The Temple Institute: Temple Talk: Nissan 12, 5766/April 24, 2006

"And the L-rd brought us forth out of Egypt..." (Deuteronomy 26:8)

As layl haseder, the first night of Passover approaches, we are all busy extricating the last grains of chametz - leavened crumbs - in our possession. But as we bear down on these hapless crumbs, which symbolize our own tendency towards an exaggerated sense of self importance, we must keep one thing in mind: perspective.

For perspective was really what that first pesach - passover - offering in Egypt was about. By bringing a lamb into their homes to be slaughtered and eaten, the children of Israel were communicating a three-way message: to the Egyptians they were saying: "Perspective! This lamb is not a deity. But the Holy One, the Creator of all living things has commanded us to take this lamb and prepare it as an offering unto Him." To themselves they were likewise saying: "Perspective! The Egyptians can neither harm us, nor keep us in perpetual slavery, as long as we cast our lot with G-d, by fulfilling His commandment." And to G-d Himself they were saying: "We are ready to step forth from bondage by cleaving to You. We are ready to accept the yoke of freedom by performing Your word."

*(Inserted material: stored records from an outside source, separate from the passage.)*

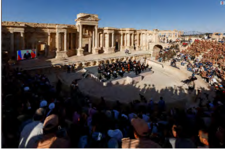
العرض الموسيقي في تدمر
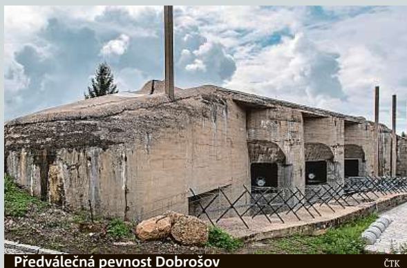
Předválečná pevnost Dobrošov
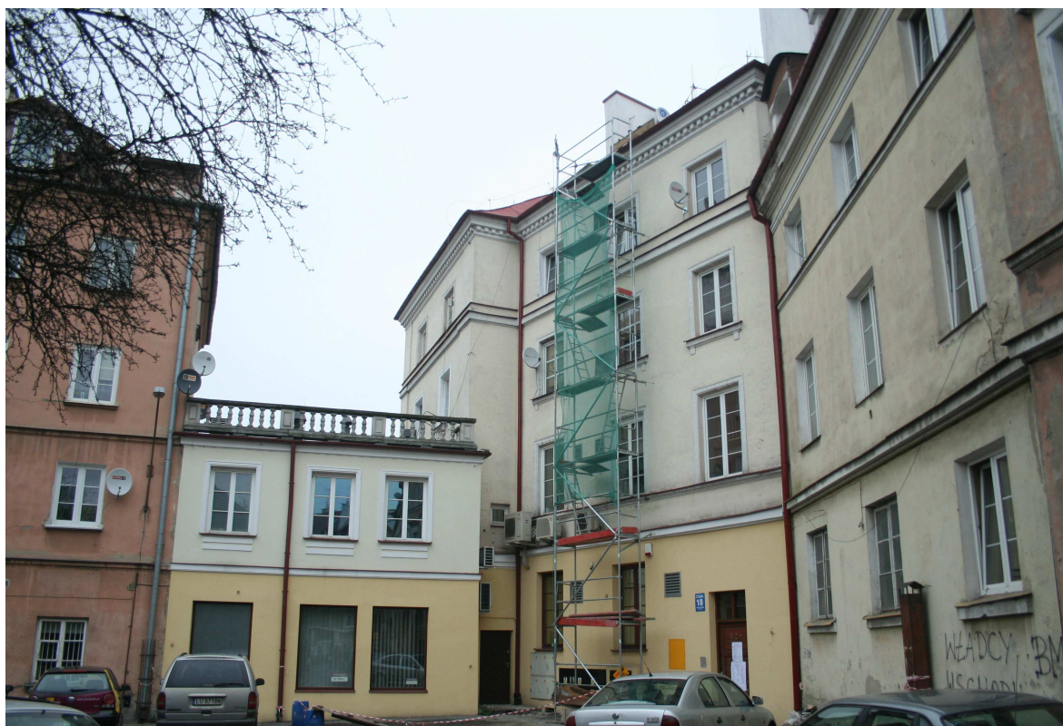
Nastawna 29, fot. Marcin Fedorowicz, 2010.
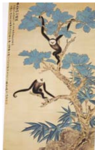
圖3-8 孫家勤，《檨樹雙猿》，1971年，195×110cm，紙本設色..... 28
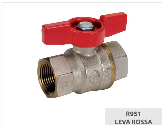
R951 LEVA ROSSA
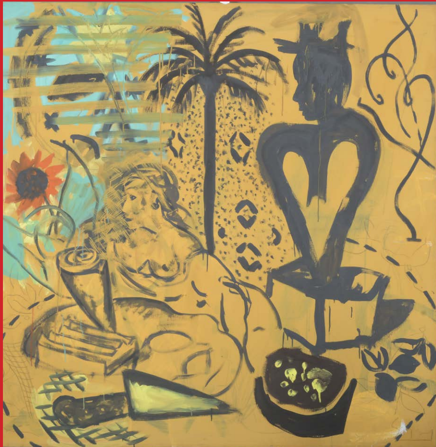
Stefan Szczesny (geb. 1951), Acryl/Lw., verso signiert und datiert 1985 152 x 152 cm

Katalog abrufbar ab 24. Nov. 2025 metz-auktion.de
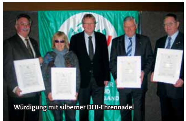
Würdigung mit silberner DFB-Ehrennadel
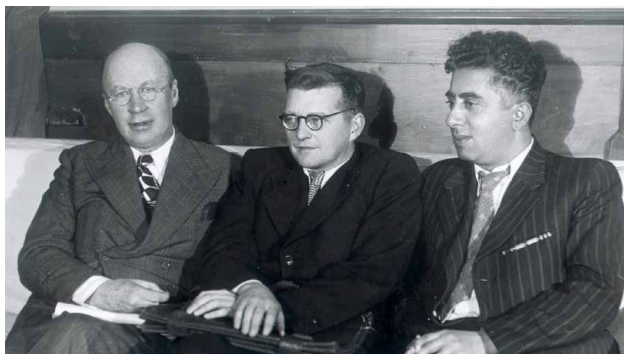
Sergej Prokofjew. Dmitri Schostakowitsch, Aram Khachaturian
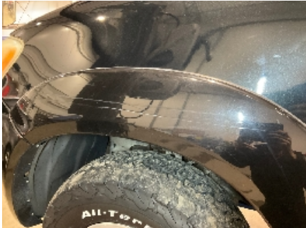
7. Lakk / karosseri utvendig
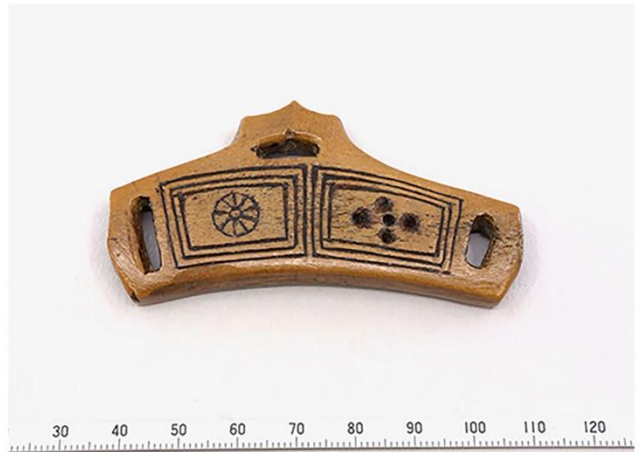
6. 若宮大路周辺遺跡出土

Scouring our house for chametz as an act of spring cleaning may be worthy in and of itself, but it falls short of being life-changing or earth-shattering. Searching our souls for the sake of combatting our own false pride and haughtiness may be a noble act of self-improvement. But unless that effort is aimed toward achieving a purpose greater than the sum of our own individual selves, it is little more than vanity. In a world that worships the individual, we must never forget that it was G-d who "brought us forth out of Egypt" in order that we should serve Him. Our efforts at self-improvement, our striving for freedom are all for naught, if we do not see these goals as being attainable only in the service of G-d.

Preparing ourselves, and bringing the passover offering is no less of an imperative today that it was for our forefathers in Egypt. Complacency is no less of a shackle around our soul today that it was in Egypt. Pragmatism today, as then, is no more and no less than a speck of chametz attached to our heart, diverting us, and keeping us from true freedom. Leaving Egypt meant never going back. We indulge our complacency and self-satisfied sense of pragmatism at our own risk. For we are either in Egypt serving others, or outside of Egypt, serving G-d. The passover offering symbolizes our selfless dedication to Hashem: removing the chametz of our self-importance, and bending our will toward His. G-d brought us forth "with a mighty hand and with an outstretched arm; with great terror and with signs and with wonders." (Deuteronomy 26:8) What are we ready to do for Him?